Classification of Basque Dialects

Figure 3.1   Classification of Basque Dialects

As for the question of the OCB homeland, we believe we must locate innovations chronologically and geographically rather than considering the quantity of existing modern dialects in this or that territory (cf. Janhunen 2009 for Uralic, for example). In particular, in the territory of Bizkaia, Gipuzkoa, and Araba, the dialectal division seems much simpler than in Navarre, in the geographical area that runs from Pamplona toward the north, up to the modern French border. Perhaps that would be the area where OCB developed and from which it spread. It is not advisable to interpret the most modern forms of speech, situated at the lowest level of the tree, as decisive.

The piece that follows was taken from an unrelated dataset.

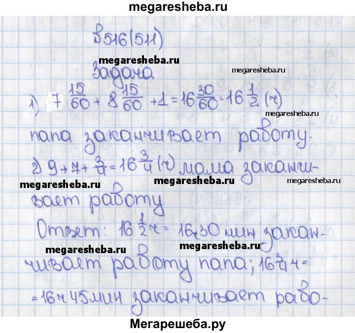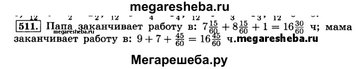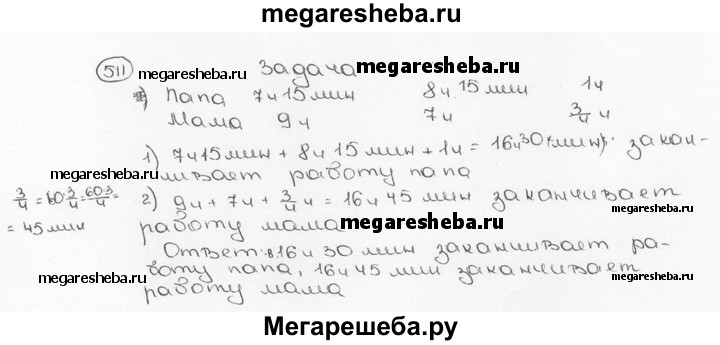 511. Папа начинает работу в 7 ч 15 мин, а мама — в 9 ч. Когда заканчивает работу каждый из них, если рабочий день папы 8 ч 15 мин и перерыв на обед 1 ч, а рабочий день мамы 7 ч и перерыв на обед 3/4 ч?

We should look instead to the root of the tree when searching for the homeland of OCB, given that the first fragmentations are found in the highest branches: see Janhunen’s (2009) conclusions on the homeland of Proto-Uralic.

Returning to our case, the place of Samoyedic, Finno-Ugric, and Proto-Uralic would be occupied, respectively, by Zuberoan-Roncalese (= Old Eastern Basque), Eastern Low Navarrese-Salazarese (= Easternmost Navarrese), and OCB, with the oldest isogloss situated between Z-R and NoELNa-Sal – during an era that, for the moment, we cannot specify – so that we should locate in that specific place 63 the proto-homeland of OCB, as shown in Figure 3.1 above.

10  Conclusions

The main proof for genetic relationship among languages lies in the help it offers for the reconstruction of a common protolanguage and for studying the history of the languages in the family. The strength of the demonstration cannot be based on the quantity of alleged superficial analogies without regular phonetic connections or the reconstruction of homologies.

We consider it essential that specialists in Basque, distancing themselves from unjustified allegiance to remote agendas, analyze the facts of B diachrony according to the best philology and the most productive theories and methods of linguistic change and reconstruction, as Meillet and Mitxelena asserted. 64 Any advances via the expansion of materials – languages or protolanguages related to ours, pre-Latin loanword strata – do not appear any nearer, than they were some decades ago, so it is reasonable and necessary to opt for the application of more efficient theories and methods (cf. Haas 1969), in order to arrive at a more complete and deeper reconstruction of PB and the prehistory of the language. We defend the notion that – besides the usual internal reconstruction methods masterfully used by Mitxelena a half century ago – research on the Canonical Form of roots and morphemes; Diachronic Holistic Typology (subordinate to the search for homologies, not dedicated to pure analogies); and Grammaticalization processes may continue to contribute important advances in reconstruction. Finally, the elaboration of chronologies and periodizations – including the establishment of a minimum number of necessary (intermediate) protolanguages for the reconstruction of the prehistory of the language (as is the case with Old Common Basque, Late Proto-Basque, and Old Proto-Basque) – are unavoidable topics, as we find in any other language or family.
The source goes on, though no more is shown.